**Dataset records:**
• • • • • • •
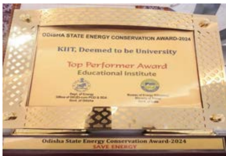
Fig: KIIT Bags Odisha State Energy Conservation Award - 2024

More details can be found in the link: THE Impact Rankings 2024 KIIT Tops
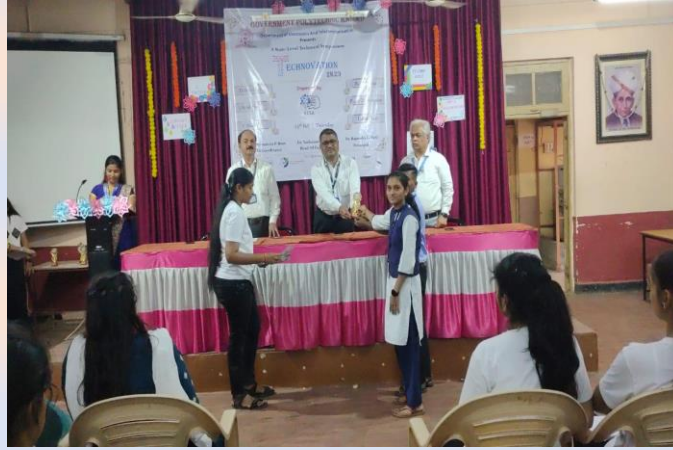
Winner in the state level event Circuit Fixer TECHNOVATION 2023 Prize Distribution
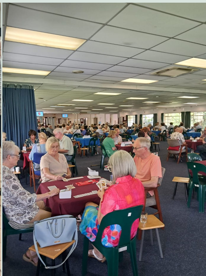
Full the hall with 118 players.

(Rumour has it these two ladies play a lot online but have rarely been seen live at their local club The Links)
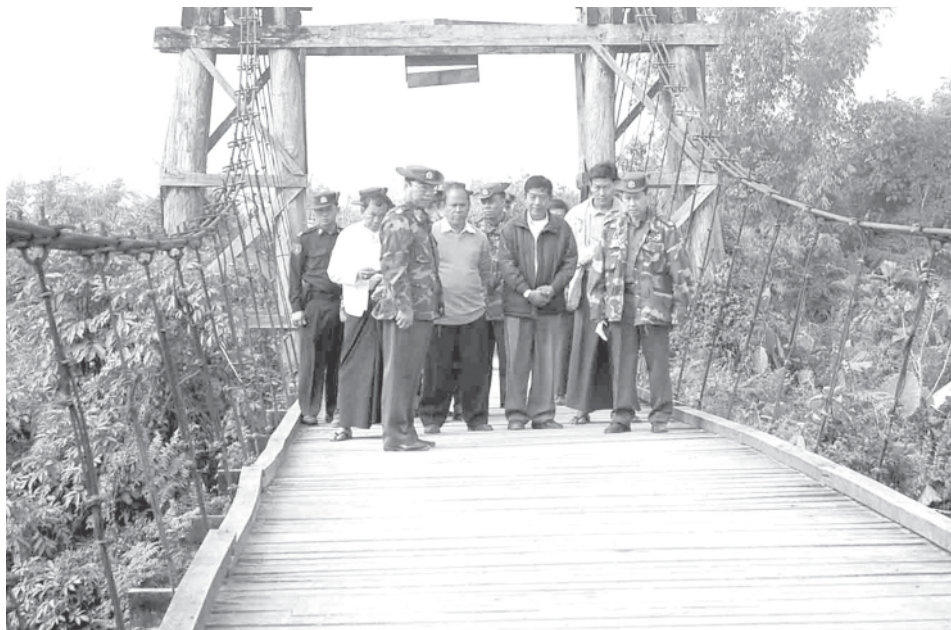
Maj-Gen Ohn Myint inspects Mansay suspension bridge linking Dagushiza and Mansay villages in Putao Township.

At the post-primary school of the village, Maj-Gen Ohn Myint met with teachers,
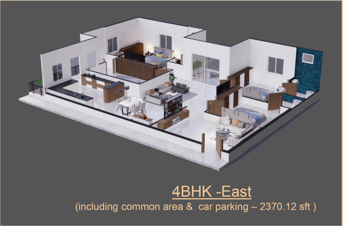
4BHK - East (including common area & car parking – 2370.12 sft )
• • • • • • •
**What you are asked to do:** What is needed is a copy of every line above in which "Myint" appears.

**Response area:**
Maj-Gen Ohn Myint inspects Mansay suspension bridge linking Dagushiza and Mansay villages in Putao Township.
At the post-primary school of the village, Maj-Gen Ohn Myint met with teachers,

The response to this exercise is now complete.